Exploring varied object detection architectures
When deploying machine learning models to the real world, specially in resource constrained environments, model size and complexity plays a big role into determining an application’s usability, i.e.: will it make predictions that are correct and also fast enough?
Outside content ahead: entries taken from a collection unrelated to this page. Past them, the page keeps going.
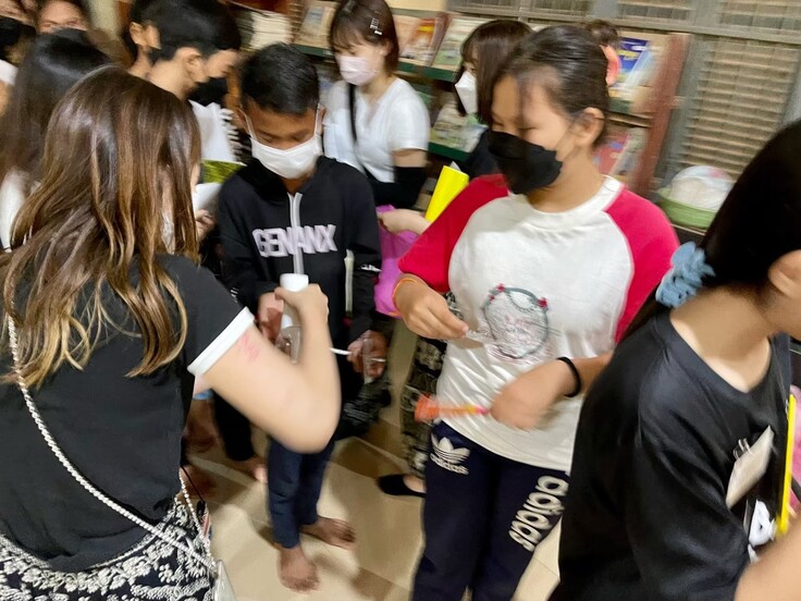 コロナ禍での現地ということで、ティーチング期間中は先生も生徒もマスク着用を義務化(カンボジアではマスク文化がなくなりつつありましたが、この期間は生徒にマスクを着用してもらうように声かけをしました)、マスクを持ってきていない生徒にはSTPCからマスクを提供、毎授業開始時にアルコール消毒の徹底、メンバーの健康管理のための毎朝の抗原検査代、などです。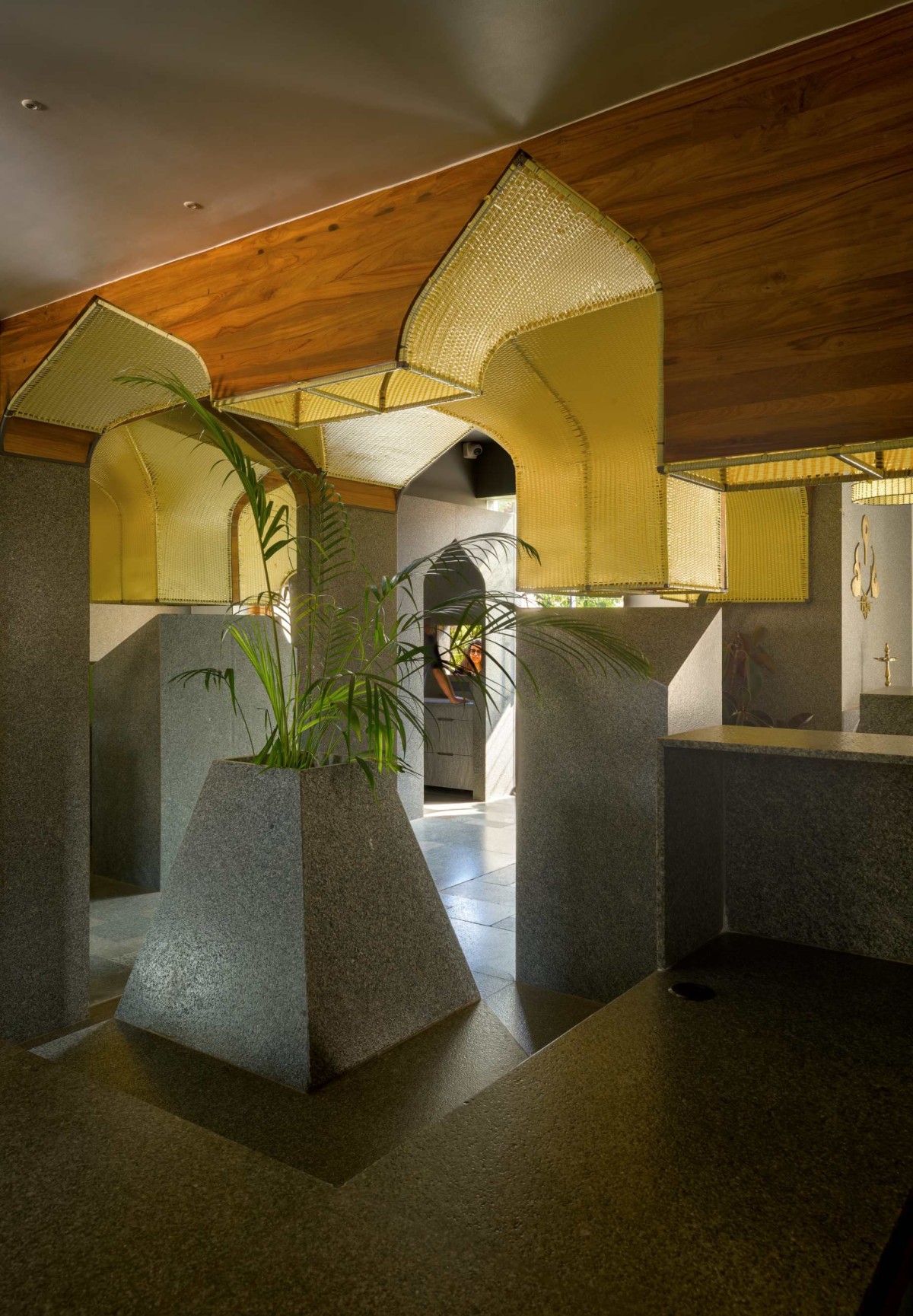 The monolithic usage of material and depiction of cultural heritage evokes a sense of permanence, grounding, and tranquillity, while also connecting the space to its origins.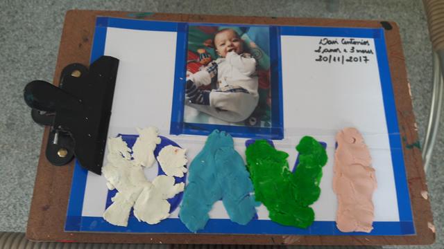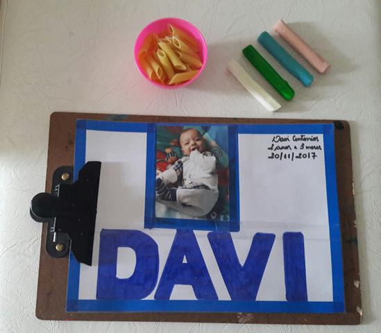 A mamãe colou uma foto do Davi Antonios e colocou uma fita adesiva em uma margem. Desenhou o nome DAVI do alfabeto móvel e pintou com canetinha.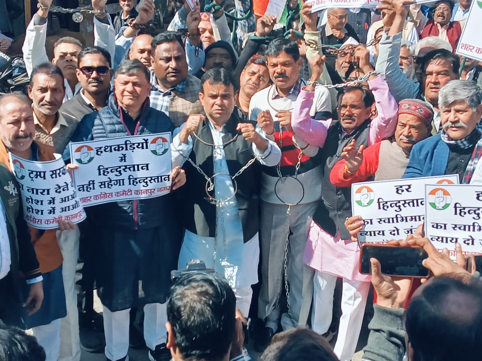 कानपुर,शहर कांग्रेस कमेटी कानपुर नगर द्वारा आज दिनांक 8 फरवरी 2025 को कानपुर के कचहरी स्थित चेतना चौराहे से भारत सरकार की कमजोर नीतियों के कारण अमेरिका द्वारा किए गए भारतीयों के अपमान जिसके अंतर्गत अप्रवासी भारतीयों को एक कैदी के रूप में माल वाहक जहाज में बैठा कर अमानवीय यातनाएं देने के बाद भारत भेजने पर पूरे भारत की 130 करोड़ जनता के अपमान के रूप में लेने पर प्रदेश कांग्रेस के नेतृत्व के आह्वान पर विशाल प्रदर्शन मार्च निकालकर कलेक्ट्रेट मुख्यालय पर प्रदर्शन किया गया एवं राष्ट्रपति के नाम संबोधित ज्ञापन दिया गया। जिसके अंतर्गत सभी कांग्रेस जन प्रतीकात्मक विरोध के रूप में अपने हाथ और पैर में बेड़ियां व हथकड़ियां लगाकर प्रदर्शन किया ।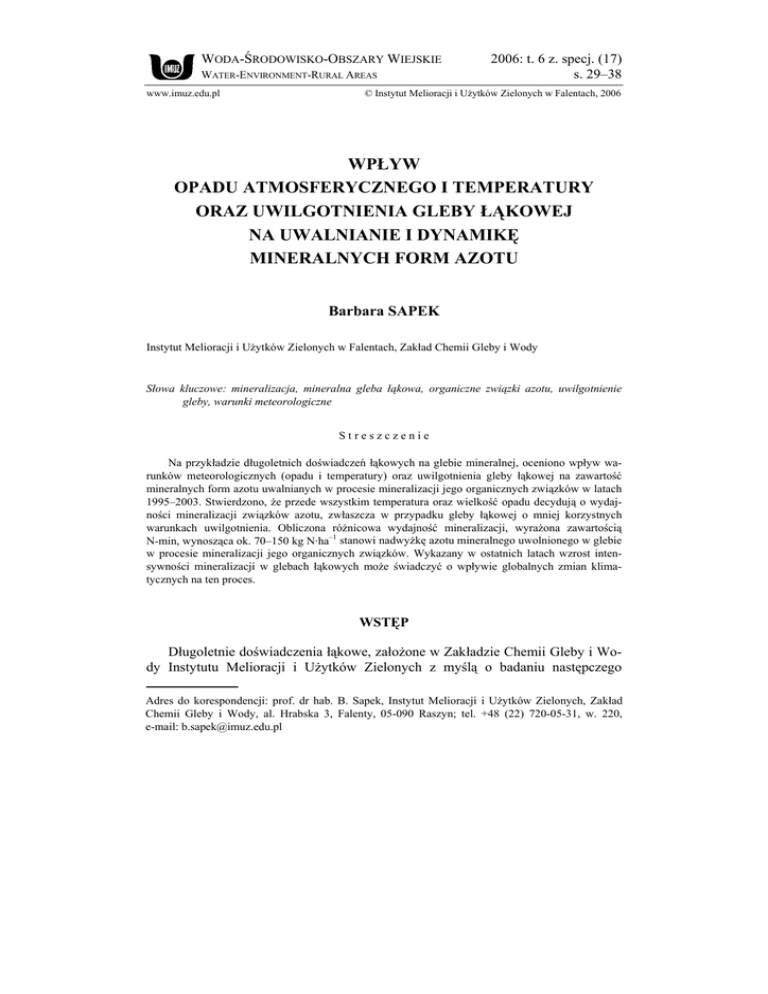 WODA-ŚRODOWISKO-OBSZARY WIEJSKIE WATER-ENVIRONMENT-RURAL AREAS www.imuz.edu.pl 2006: t. 6 z. specj. (17) s. 29–38 © Instytut Melioracji i Użytków Zielonych w Falentach, 2006 WPŁYW OPADU ATMOSFERYCZNEGO I TEMPERATURY ORAZ UWILGOTNIENIA GLEBY ŁĄKOWEJ NA UWALNIANIE I DYNAMIKĘ MINERALNYCH FORM AZOTU Barbara SAPEK Instytut Melioracji i Użytków Zielonych w Falentach, Zakład Chemii Gleby i Wody Słowa kluczowe: mineralizacja, mineralna gleba łąkowa, organiczne związki azotu, uwilgotnienie gleby, warunki meteorologiczne Streszczenie Na przykładzie długoletnich doświadczeń łąkowych na glebie mineralnej, oceniono wpływ warunków meteorologicznych (opadu i temperatury) oraz uwilgotnienia gleby łąkowej na zawartość mineralnych form azotu uwalnianych w procesie mineralizacji jego organicznych związków w latach 1995–2003. Stwierdzono, że przede wszystkim temperatura oraz wielkość opadu decydują o wydajności mineralizacji związków azotu, zwłaszcza w przypadku gleby łąkowej o mniej korzystnych warunkach uwilgotnienia. Obliczona różnicowa wydajność mineralizacji, wyrażona zawartością N-min, wynosząca ok. 70–150 kg N·ha–1 stanowi nadwyżkę azotu mineralnego uwolnionego w glebie w procesie mineralizacji jego organicznych związków. Wykazany w ostatnich latach wzrost intensywności mineralizacji w glebach łąkowych może świadczyć o wpływie globalnych zmian klimatycznych na ten proces. WSTĘP Długoletnie doświadczenia łąkowe, założone w Zakładzie Chemii Gleby i Wody Instytutu Melioracji i Użytków Zielonych z myślą o badaniu następczego Adres do korespondencji: prof. dr hab. B. Sapek, Instytut Melioracji i Użytków Zielonych, Zakład Chemii Gleby i Wody, al. Hrabska 3, Falenty, 05-090 Raszyn; tel. +48 (22) 720-05-31, w. 220, e-mail: [email protected] 30 Woda-Środowisko-Obszary Wiejskie t. 6 z. specj. (17) wpływu wapnowania łąki trwałej na tle zróżnicowanej dawki i postaci nawozu azotowego wykorzystano do badań procesu mineralizacji organicznych związków azotu w mineralnej glebie łąkowej [SAPEK, ESTAVILLO, CORRE, 2000; SAPEK, SAPEK, BARSZCZEWSKI, 2002, SAPEK, KALIŃSKA, 2004]. Wyniki badań wpływu dawki azotu i postaci nawozu oraz odczynu (jako efektu następczego działania wapna), a także terminu pobrania próbek na wydajność mineralizacji organicznych związków azotu omówiono w pracy SAPEK i KALIŃSKIEJ [2004] Celem niniejszej pracy jest ocena wpływu warunków meteorologicznych (opadu i temperatury) panujących w okresie wegetacyjnym oraz uwilgotnienia gleby łąkowej na zawartość mineralnych form azotu w glebie, uwalnianych w niej w procesie mineralizacji jego organicznych związków w ciągu dziewięciu lat badań. MATERIAŁ I METODY BADAŃ Wydajność mineralizacji organicznych związków azotu w glebie badano na przykładzie dwóch długoletnich doświadczeń łąkowych zlokalizowanych w miejscowościach Janki (J) i Laszczki (L) [SAPEK, 2006]. Badania wykonywano na wybranych obiektach nawozowych doświadczeń – niewapnowanych (Ca0) i wapnowanych podwojoną dawką wapna (Ca2), nawożonych 240 kg N·ha–1 w postaci saletry amonowej (AN), a począwszy od 1992 r. równolegle (na połowie poletka) w postaci saletry wapniowej (CN). Szczegółowy opis doświadczeń zawierają wcześniejsze prace [SAPEK, 1993; SAPEK, BARSZCZEWSKI, 2000]. W badaniach mineralizacji stosowano metodę inkubacji in situ, która umożliwia badanie tego procesu w warunkach zbliżonych do naturalnych. Obszerną literaturę zagraniczną dotyczącą wymienionej metody zacytowano w pracy SAPEK i KALIŃSKIEJ [2004]. Opis metody inkubacji in situ, stosowanej w niniejszych badaniach, zawierają prace SAPEK [1999] oraz SAPKA, SAPEK i BARSZCZEWSKIEGO [2002]. Metodą tą badano mineralizację w 0–10 cm warstwie gleby. Jednocześnie, z warstwy gleby o tej samej miąższości, pobierano próbki bezpośrednio spod roślinności, obok zainstalowanych rurek do inkubacji. Obydwa rodzaje próbek pobierano zawsze przed wysiewem nawozów: − wczesną wiosną przed ruszeniem wegetacji – termin I (próbki inkubowane pozostawiano w glebie w okresie od ostatniego pokosu do ruszenia wegetacji), − po kolejnych odrostach runi – terminy II–IV (próbki inkubowane pozostawały w glebie w czasie kolejnych odrostów runi). Zawartość mineralnych form azotu – amonowej (N-NH4) i azotanowej (N-NO3) w próbkach gleby po inkubacji in situ (R) oraz w próbkach pobranych spod roślinności (T) oznaczano w wyciągu z gleby 1% K2SO4, metodą spektrofotometryczną za pomocą automatycznego analizatora przepływowego SKALAR. Z sumy N-NH4 i N-NO3 obliczano całkowitą zawartość azotu mineralnego (N-min). Ponadto obliczano tzw. różnicową wydajność mineralizacji z różnicy B. Sapek: Wpływ opadu atmosferycznego i temperatury oraz uwilgotnienia… 31 zawartości azotu oznaczonej w próbce po inkubacji i w próbce spod roślinności (R – T) [SAPEK, SAPEK, BARSZCZEWSKI, 2002; SAPEK, KALIŃSKA, 2004]. Na pojedynczy wynik składały się oznaczenia w 16 próbkach gleby (4 próbki na każdym obiekcie nawozowym w 4 powtórzeniach). Oznaczenia wykonywano w świeżej masie gleby. Wyniki podano w przeliczeniu na kg N·ha–1. Wpływ badanych czynników, tj. opadów i temperatury, a także uwilgotnienia gleby w okresie wegetacyjnym na wydajność mineralizacji i uwalnianie się badanych form azotu mineralnego w kolejnych latach od 1995 do 2003 oceniono na podstawie ich średnich zawartości z obiektów nawozowych doświadczenia, na których wykonywano badania mineralizacji, wymienionych na wstępie rozdziału, z wszystkich czterech terminów pobierania próbek. Przebieg zmian oraz współzależność zawartości badanych form azotu w glebie i wielkości opadu, temperatury i uwilgotnienia gleby oceniono na podstawie współczynników korelacji liniowej Pearsona. WYNIKI I DYSKUSJA Jak wykazano we wcześniejszej pracy [SAPEK, KALIŃSKA, 2004], w glebie doświadczenia J, ub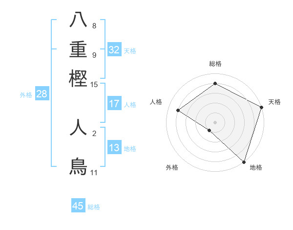 八重樫 人鳥さんを姓名の画数から五運を鑑定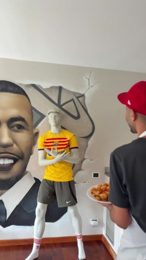 在视频的最后,镜头赚到房间的一面墙,那里摆着一个亚马尔标志性庆祝动作的模型,亚马尔的父亲拿着鸡块说:“嘿,拉明,你还好吗?我特别爱你,孩子,爸爸爱你。我给你准备了惊喜,小可爱。等会儿给你戴上,咱就给大伙儿瞧瞧。我爱你。”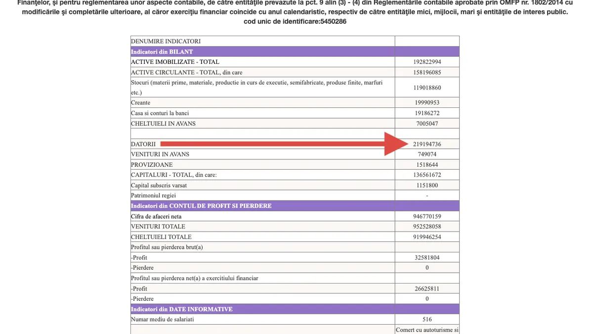 Automobile Bavaria SRL a încheiat anul fiscal 2021 cu un profit, după plata taxelor, de 26,6 milioane de lei, dar și cu datorii de peste 219 milioane de lei, potrivit Ministerului de Finanțe.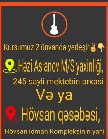 Gitara kursu 🎸🤩🎸🎸🎸 ✅Dərslər həftədə 2 dəfə, hər dərs 1 saat ✅Fərdi, qrup və ya onlayn format ✅Aylıq ödəniş: Fərdi 60 AZN, Qrup 40 AZN ✅Onlayn bir dərs: 5AZN ✅Yalnız bu ay qeydiyyatdan keçənlə...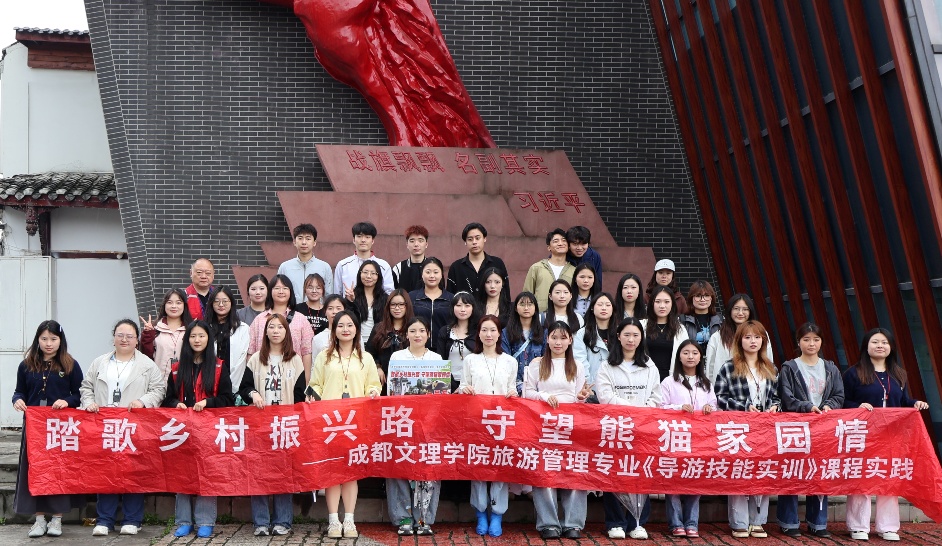为深入贯彻文旅融合发展国家战略,精准对接新时代旅游人才培养要求,2026年4月11日至12日,数智经济与管理学院统筹推进专业教学与思政教育,组织 2024、2025 级旅游管理专业学生赴都江堰大熊猫中华苑、郫都区战旗村,开展“踏歌乡村振兴路,守望熊猫家园情”主题实践教学活动,并同步举行“青春心向党,奋进强国路”主题党日活动。学院以“知行合一”为路径,着力培养兼具专业素养、职业技能与家国情怀的高素质应用型文旅人才。

In order to have a general idea of your hardware impact on processing time for object detection, I’ve made a preliminary benchmark table on a set of 1600 JPEG frames with 1280x720 resolution on the following hardware:
| Hardware | CPU | RAM | Graphics card |
|---|---|---|---|
| Raspberry Pi 3 B+ | 1.4GHz 64-bit quad-core ARM Cortex-A53 CPU | 1GB LPDDR2 SDRAM | None |
| Raspberry Pi 3 B+ | 1.4GHz 64-bit quad-core ARM Cortex-A53 CPU | 1GB LPDDR2 SDRAM | Movidius Neural Compute Stick (not a video card, but helps for GPU processing) |
| Dell G3 15 | Intel(R) Core(TM) i5-8300H CPU @ 2.30GHz | 8GB SODIMM DDR4 Synchronous | GeForce GTX 1050 Mobile |
Making inferences on top of a MobileNet with SSD architecture and weights totalling 22.1 MB:
| Hardware | FPS | Time per frame (s) |
|---|---|---|
| Raspberry Pi 3 B+ on CPU | 1.479 | 0.676 |
| Raspberry Pi 3 B+ with Movidius NCU | 4.721 | 0.212 |
| Dell G3 15 on GPU | (TODO) | (TODO) |